At launch, Coincheck enabled the interest-payout service to account holders with bitcoin alone, pointing to support for altcoins in the future. Furthermore, new registrations for these interest accounts were disabled. “We do not accept any new registration temporarily due to the quality assurance of the service,” Coincheck wrote, explaining its decision to disable a service while launching it.
The Japanese exchange has now resumed offering its interest-paying service on Friday, June 16, with registrants required to apply and go through a screening processes before lending to the exchange. The feature now includes all cryptocurrencies supported by the exchange. They are Bitcoin, Ethereum, Ether Classic, Lisk, Factom, Monero, Augur, Ripple, Zcash, NEM, Litecoin and Dash.
However, there are a few notable takeaways from the fine-print. First, Coincheck confirms that the lending service isn’t subject to the Payment Services Act, which would mean that cryptocurrencies deposited into the exchange will not be managed as segregated funds. Deposited funds will not be subject to deposit insurance either.
A more significant disclaimer reads:
To use Coincheck Lending, please note that user must agree with the consumption loan agreement, which is an unsecured contract. Hence, users have a risk not being able to receive lent cryptocurrencies in a case when Coincheck [goes] bankrupt.
Users will also be ‘prohibited from selling or sending lent cryptocurrencies until the end of a term or when Coincheck decides to return it” the exchange added. Presumably, this would mean that the only way users could retrieve their lent cryptocurrency is by terminating the contract, receiving an interest in a prorated basis.

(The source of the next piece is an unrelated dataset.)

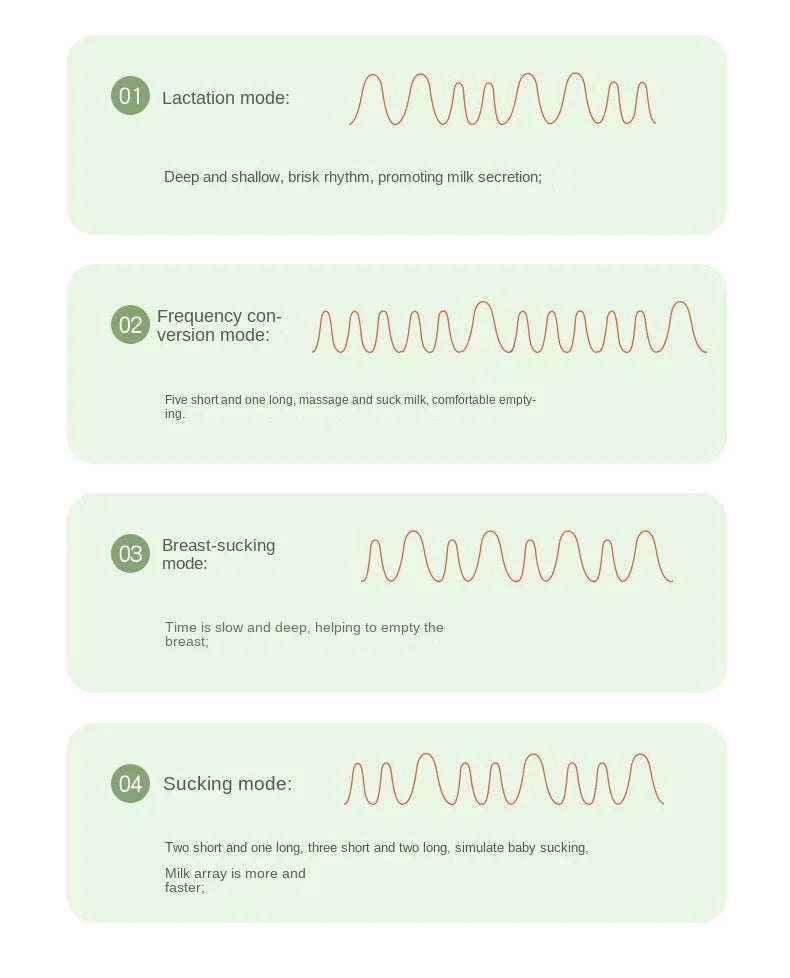 Mettez en évidence les quatre principaux modes d'aspiration mammaire, avec une force d'aspiration élevée, des mains libres et une conception anti-reflux.

Data over the last 24 hours show Coincheck as the leading Japanese exchange by trading volume, processing over a third of Japan’s bitcoin trades.

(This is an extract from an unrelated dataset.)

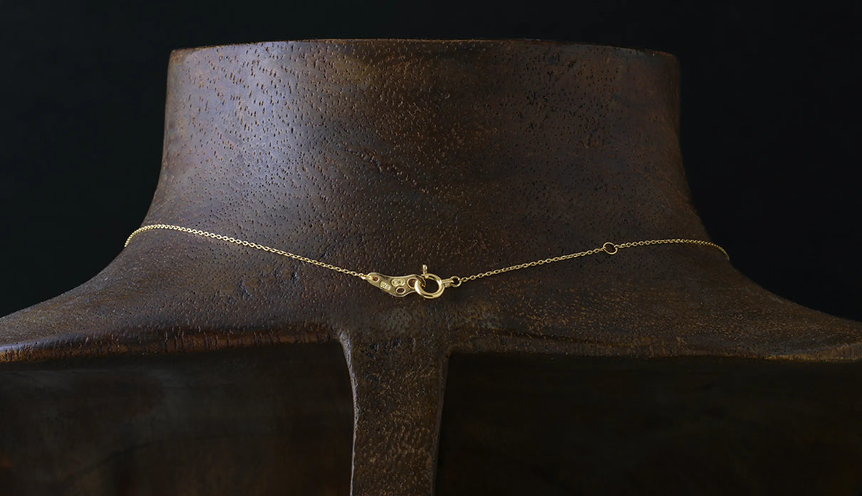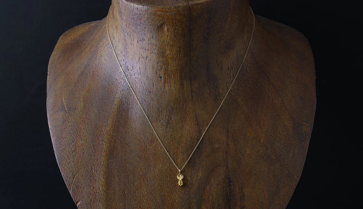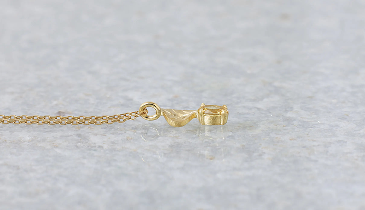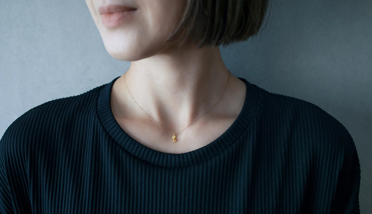 光を仰ぐ葉をモチーフにした「Leaf」シリーズに、はちみつのようにこっくりとした色味をたたえた小粒のイエローダイヤモンドを添えた一点もののネックレス。葉の部分は、やわらかな表情を生むようにマットで仕上げ、肌の上にそっと溶け込むような穏やかさをもたせています。イエローダイヤモンドは小さな粒でありながら、光を受けるたびにささやかな煌めきを放ち、胸元にやさしい明るさを添えます。自然のかたちをそのまま閉じ込めたような、控えめでいて凛とした佇まい。日々の装いに、ほのかな光とさりげない個性を添えてくれます。

Japan is seeing a notable uptick in investor interest and public awareness of cryptocurrencies after legislation in April acknowledged bitcoin and digital currencies as a legal method of payment. Since then, major Japanese retailers have jumped onboard to trial bitcoin payments. The integration of bitcoin into a point-of-sale application could see as many as 260,000 retail stores accepting bitcoin in Japan this year alone. Japan will no longer impose the 8% consumption tax rate on bitcoin buying starting July, a move that could boost adoption further.
The fervor and anticipation of heightened demand have seen a slew of applications filed toward Japan's financial regulator for licenses to open new bitcoin exchanges in the country. Last month, Japanese budget airline Peach, an international operator, became the first in the country to accept bitcoin for flight tickets. The move will see multiple bitcoin ATMs installed at airports, wherein select stores and outlets will also accept cryptocurrencies for payments.